■ About this task: The lines wanted are those in the data below that include "moving".

Collected data:
______________________________
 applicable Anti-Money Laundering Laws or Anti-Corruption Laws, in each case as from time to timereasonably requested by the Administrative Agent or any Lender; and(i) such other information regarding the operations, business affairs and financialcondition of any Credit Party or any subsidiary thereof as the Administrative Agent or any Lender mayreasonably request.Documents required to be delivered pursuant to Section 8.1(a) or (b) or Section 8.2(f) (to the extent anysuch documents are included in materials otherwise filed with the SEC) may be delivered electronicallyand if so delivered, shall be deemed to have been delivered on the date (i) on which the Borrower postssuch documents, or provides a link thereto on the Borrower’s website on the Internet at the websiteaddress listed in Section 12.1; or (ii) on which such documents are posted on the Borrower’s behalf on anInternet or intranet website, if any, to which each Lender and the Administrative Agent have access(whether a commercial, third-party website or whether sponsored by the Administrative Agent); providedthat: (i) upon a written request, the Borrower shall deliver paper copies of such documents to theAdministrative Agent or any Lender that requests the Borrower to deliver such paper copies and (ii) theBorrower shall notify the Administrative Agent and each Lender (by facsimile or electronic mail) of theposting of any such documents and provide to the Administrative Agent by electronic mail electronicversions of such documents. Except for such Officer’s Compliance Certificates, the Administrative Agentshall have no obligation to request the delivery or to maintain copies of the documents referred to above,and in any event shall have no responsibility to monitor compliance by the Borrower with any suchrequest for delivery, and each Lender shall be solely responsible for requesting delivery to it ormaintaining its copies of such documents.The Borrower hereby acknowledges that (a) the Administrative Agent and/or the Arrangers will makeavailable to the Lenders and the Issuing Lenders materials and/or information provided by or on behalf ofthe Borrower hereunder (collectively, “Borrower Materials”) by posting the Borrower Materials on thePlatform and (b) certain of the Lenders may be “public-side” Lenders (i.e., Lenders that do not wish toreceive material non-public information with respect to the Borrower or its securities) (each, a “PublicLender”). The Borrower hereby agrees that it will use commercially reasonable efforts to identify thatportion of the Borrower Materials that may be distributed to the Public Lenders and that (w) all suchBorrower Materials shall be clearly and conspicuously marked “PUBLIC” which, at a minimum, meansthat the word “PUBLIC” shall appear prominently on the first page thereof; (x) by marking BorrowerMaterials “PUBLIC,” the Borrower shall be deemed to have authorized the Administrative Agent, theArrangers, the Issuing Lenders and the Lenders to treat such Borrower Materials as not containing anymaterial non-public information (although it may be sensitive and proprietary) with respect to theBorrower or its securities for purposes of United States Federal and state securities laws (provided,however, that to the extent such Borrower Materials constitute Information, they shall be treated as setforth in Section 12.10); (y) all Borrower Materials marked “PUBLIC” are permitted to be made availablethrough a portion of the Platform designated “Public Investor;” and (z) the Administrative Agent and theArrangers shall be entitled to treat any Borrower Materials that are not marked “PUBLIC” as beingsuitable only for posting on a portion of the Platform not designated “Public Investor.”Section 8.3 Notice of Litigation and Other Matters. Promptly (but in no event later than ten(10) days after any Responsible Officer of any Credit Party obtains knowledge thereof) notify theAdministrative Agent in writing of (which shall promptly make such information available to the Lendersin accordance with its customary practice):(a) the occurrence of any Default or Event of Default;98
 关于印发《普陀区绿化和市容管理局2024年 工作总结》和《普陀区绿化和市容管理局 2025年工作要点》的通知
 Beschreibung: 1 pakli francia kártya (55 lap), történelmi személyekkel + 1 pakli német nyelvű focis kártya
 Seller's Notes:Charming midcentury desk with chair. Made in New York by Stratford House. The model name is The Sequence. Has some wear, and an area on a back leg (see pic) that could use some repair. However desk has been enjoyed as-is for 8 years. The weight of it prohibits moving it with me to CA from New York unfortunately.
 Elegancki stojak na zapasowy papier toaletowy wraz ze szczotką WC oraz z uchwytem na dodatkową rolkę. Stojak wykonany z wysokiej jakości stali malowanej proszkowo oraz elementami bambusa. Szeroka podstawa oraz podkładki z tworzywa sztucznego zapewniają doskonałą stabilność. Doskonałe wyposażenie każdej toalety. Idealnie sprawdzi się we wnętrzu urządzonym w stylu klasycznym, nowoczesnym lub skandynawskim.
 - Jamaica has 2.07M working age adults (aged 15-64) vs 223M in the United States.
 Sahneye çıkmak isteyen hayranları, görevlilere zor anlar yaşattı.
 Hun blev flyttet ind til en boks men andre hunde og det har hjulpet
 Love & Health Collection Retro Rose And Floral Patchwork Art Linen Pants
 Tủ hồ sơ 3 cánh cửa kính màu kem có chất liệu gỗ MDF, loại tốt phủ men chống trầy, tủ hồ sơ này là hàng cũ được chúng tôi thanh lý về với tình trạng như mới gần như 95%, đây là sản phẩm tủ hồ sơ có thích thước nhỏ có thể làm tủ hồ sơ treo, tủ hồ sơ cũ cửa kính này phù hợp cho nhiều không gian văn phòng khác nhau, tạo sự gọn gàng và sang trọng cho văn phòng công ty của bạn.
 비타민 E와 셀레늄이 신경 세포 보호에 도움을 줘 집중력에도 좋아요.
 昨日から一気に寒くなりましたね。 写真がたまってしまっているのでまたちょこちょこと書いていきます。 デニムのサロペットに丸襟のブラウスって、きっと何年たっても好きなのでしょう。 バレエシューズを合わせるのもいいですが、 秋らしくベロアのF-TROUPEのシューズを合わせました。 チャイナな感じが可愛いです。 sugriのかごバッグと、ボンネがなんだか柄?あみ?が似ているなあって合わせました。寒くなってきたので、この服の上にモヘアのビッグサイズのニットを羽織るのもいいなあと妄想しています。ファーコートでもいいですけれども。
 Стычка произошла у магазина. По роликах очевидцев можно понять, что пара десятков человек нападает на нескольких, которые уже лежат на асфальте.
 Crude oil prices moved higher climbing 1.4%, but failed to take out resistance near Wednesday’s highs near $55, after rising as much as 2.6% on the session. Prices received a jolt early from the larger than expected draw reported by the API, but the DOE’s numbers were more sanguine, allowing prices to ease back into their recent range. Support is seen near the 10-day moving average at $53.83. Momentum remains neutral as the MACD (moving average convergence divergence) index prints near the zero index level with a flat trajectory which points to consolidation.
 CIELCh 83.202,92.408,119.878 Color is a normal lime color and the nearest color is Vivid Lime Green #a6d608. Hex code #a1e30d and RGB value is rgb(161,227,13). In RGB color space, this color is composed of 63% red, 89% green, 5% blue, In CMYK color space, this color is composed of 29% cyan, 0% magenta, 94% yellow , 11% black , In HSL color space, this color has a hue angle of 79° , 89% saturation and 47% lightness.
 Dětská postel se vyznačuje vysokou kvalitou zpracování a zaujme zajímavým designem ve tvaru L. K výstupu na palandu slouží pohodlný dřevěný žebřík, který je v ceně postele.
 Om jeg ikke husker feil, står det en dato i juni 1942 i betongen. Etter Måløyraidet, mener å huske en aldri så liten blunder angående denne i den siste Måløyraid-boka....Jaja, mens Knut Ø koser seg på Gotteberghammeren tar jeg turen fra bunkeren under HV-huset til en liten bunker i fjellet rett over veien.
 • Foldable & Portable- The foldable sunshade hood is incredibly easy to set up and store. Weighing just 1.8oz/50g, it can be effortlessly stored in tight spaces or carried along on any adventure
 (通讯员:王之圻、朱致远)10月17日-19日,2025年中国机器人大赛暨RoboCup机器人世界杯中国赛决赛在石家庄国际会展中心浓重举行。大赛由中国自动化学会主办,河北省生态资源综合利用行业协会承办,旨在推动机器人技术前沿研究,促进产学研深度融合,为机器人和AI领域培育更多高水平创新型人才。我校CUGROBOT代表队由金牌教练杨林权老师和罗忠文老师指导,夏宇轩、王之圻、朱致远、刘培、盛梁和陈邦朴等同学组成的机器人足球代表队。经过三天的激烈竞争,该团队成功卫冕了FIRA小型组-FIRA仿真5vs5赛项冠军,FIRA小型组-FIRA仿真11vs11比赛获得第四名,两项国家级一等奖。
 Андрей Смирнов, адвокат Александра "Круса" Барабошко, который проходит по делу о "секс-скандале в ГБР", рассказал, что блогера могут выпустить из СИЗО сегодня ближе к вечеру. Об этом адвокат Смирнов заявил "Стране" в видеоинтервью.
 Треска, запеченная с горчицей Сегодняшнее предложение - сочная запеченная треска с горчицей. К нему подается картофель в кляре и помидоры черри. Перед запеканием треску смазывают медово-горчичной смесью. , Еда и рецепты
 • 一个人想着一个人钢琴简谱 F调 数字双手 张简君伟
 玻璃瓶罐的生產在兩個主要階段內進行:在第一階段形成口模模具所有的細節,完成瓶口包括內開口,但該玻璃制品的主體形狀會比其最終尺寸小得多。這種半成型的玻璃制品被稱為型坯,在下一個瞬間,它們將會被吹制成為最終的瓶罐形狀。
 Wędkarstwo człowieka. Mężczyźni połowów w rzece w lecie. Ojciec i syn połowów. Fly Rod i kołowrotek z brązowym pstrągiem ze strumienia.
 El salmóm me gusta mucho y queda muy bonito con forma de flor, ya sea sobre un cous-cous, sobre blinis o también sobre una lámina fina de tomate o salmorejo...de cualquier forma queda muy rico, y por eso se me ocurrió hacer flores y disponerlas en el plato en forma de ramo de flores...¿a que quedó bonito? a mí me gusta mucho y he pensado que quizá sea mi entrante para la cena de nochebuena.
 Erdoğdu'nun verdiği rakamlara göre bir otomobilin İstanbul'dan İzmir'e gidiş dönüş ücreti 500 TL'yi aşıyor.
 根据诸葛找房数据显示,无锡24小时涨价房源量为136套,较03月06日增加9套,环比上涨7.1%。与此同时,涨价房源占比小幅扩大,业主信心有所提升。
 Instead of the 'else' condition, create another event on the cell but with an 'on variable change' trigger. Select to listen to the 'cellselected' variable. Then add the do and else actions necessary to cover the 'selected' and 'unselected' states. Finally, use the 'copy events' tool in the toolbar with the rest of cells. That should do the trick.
______________________________
■ Task answer:
 Seller's Notes:Charming midcentury desk with chair. Made in New York by Stratford House. The model name is The Sequence. Has some wear, and an area on a back leg (see pic) that could use some repair. However desk has been enjoyed as-is for 8 years. The weight of it prohibits moving it with me to CA from New York unfortunately.
 Crude oil prices moved higher climbing 1.4%, but failed to take out resistance near Wednesday’s highs near $55, after rising as much as 2.6% on the session. Prices received a jolt early from the larger than expected draw reported by the API, but the DOE’s numbers were more sanguine, allowing prices to ease back into their recent range. Support is seen near the 10-day moving average at $53.83. Momentum remains neutral as the MACD (moving average convergence divergence) index prints near the zero index level with a flat trajectory which points to consolidation.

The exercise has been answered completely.